In the records that follow, find the line containing "文件明确,优先支持在绿色区域" and the line containing "[English Below] ទ្រង់មានព្រះបន្ទូលតបថា", then transcribe both and every line between them exactly, omitting pictures.

··· PROVIDED INFORMATION

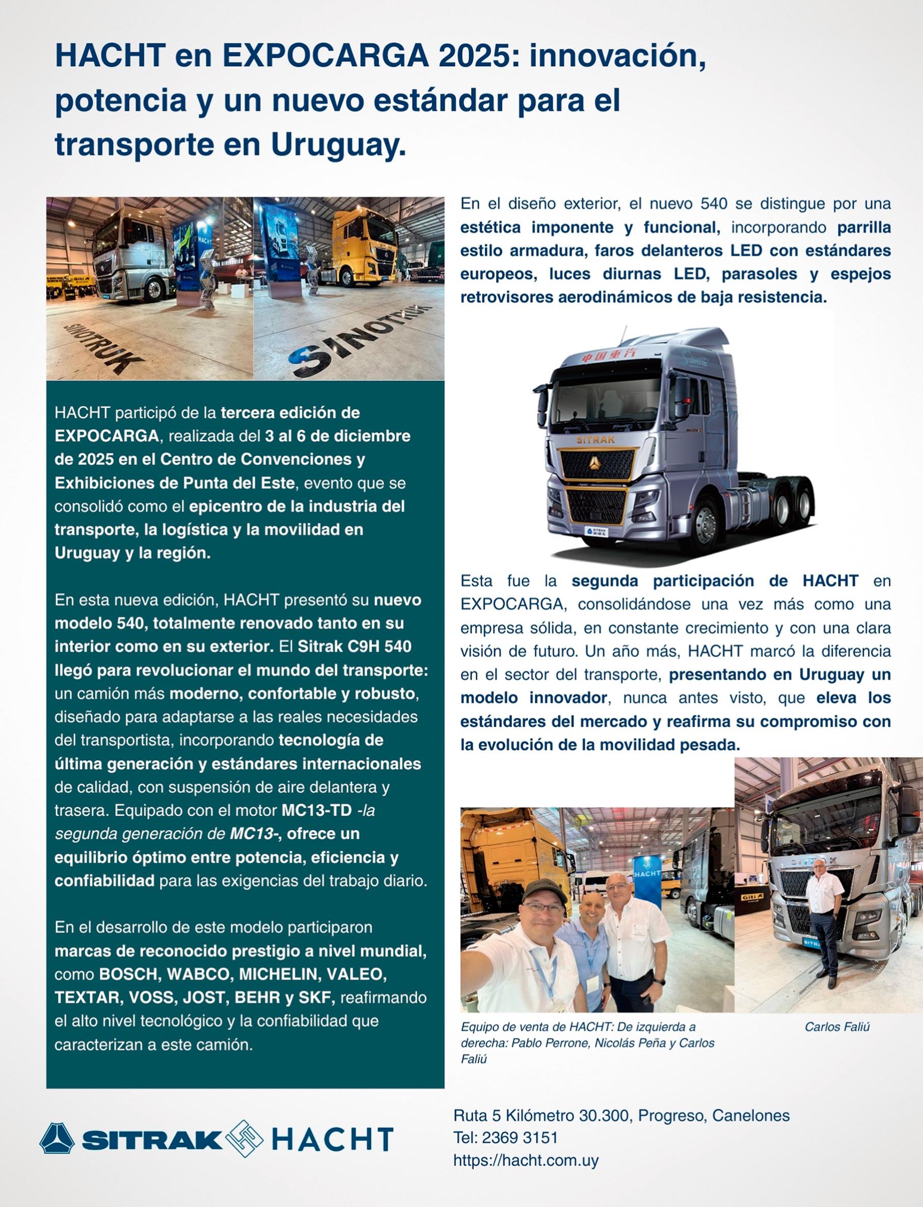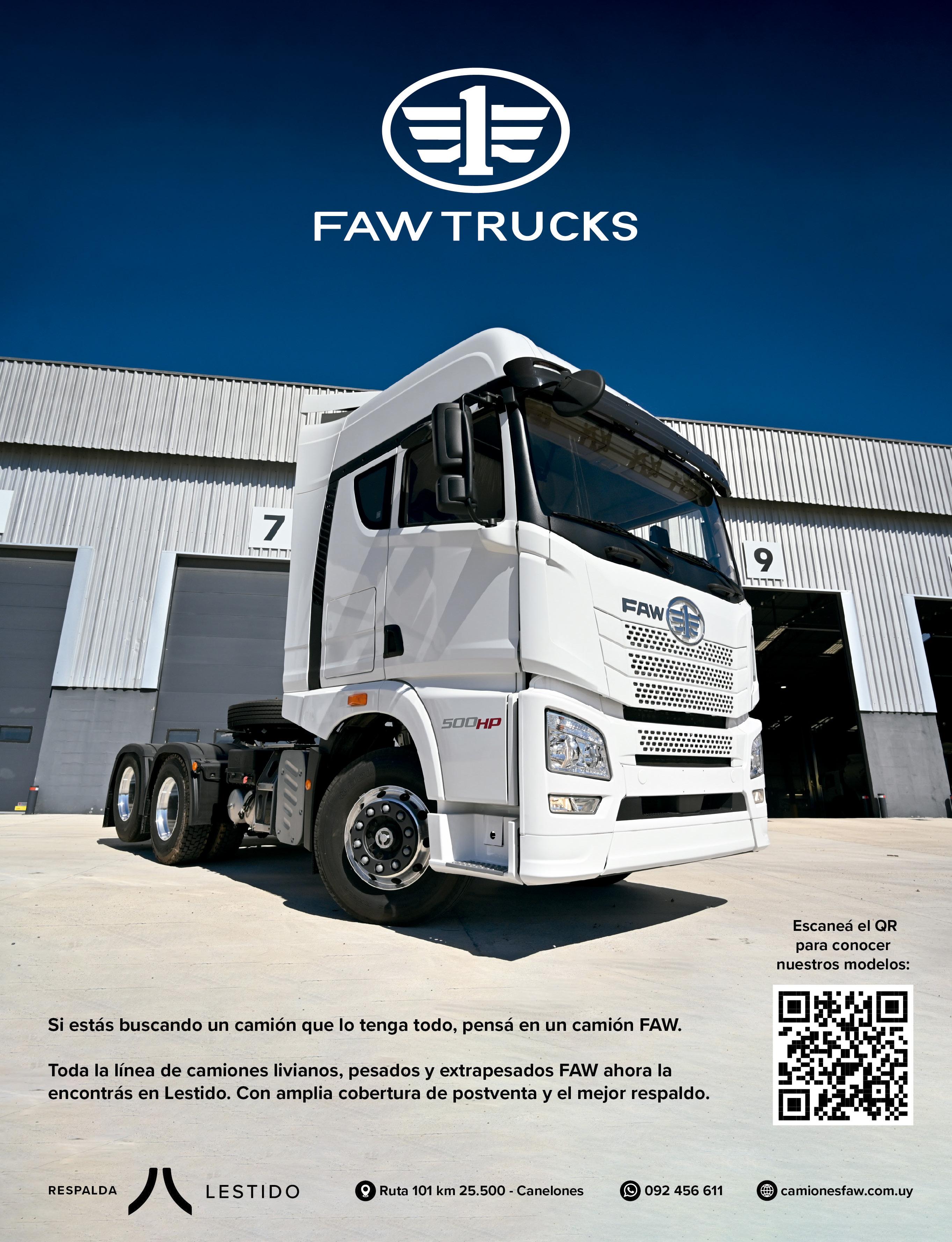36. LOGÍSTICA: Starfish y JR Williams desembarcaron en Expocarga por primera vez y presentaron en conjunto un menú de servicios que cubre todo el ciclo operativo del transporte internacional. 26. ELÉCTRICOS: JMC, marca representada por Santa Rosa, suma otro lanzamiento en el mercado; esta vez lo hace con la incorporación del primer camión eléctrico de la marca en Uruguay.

······
··· PROVIDED INFORMATION

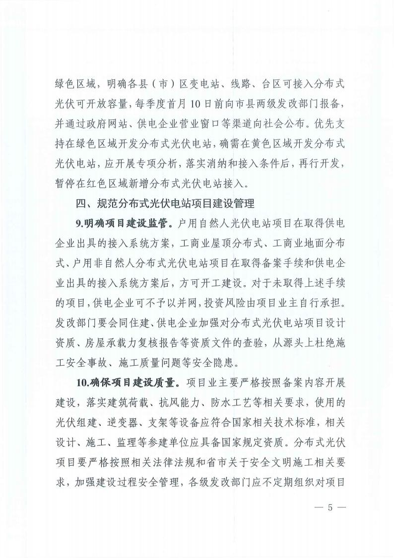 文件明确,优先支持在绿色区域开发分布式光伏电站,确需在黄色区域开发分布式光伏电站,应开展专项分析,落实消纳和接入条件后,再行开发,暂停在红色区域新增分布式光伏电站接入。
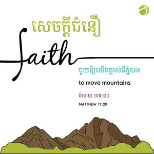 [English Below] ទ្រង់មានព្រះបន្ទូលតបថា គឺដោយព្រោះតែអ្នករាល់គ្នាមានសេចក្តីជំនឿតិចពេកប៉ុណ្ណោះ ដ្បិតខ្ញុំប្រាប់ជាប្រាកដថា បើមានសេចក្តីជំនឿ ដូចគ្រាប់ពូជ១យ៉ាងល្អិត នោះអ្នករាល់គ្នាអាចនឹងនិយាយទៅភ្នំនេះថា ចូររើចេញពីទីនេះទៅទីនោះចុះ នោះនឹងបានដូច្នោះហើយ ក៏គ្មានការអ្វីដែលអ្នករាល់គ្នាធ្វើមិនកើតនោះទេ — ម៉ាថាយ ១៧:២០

······

SOLUTION TO THE EXERCISE:
 文件明确,优先支持在绿色区域开发分布式光伏电站,确需在黄色区域开发分布式光伏电站,应开展专项分析,落实消纳和接入条件后,再行开发,暂停在红色区域新增分布式光伏电站接入。
 [English Below] ទ្រង់មានព្រះបន្ទូលតបថា គឺដោយព្រោះតែអ្នករាល់គ្នាមានសេចក្តីជំនឿតិចពេកប៉ុណ្ណោះ ដ្បិតខ្ញុំប្រាប់ជាប្រាកដថា បើមានសេចក្តីជំនឿ ដូចគ្រាប់ពូជ១យ៉ាងល្អិត នោះអ្នករាល់គ្នាអាចនឹងនិយាយទៅភ្នំនេះថា ចូររើចេញពីទីនេះទៅទីនោះចុះ នោះនឹងបានដូច្នោះហើយ ក៏គ្មានការអ្វីដែលអ្នករាល់គ្នាធ្វើមិនកើតនោះទេ — ម៉ាថាយ ១៧:២០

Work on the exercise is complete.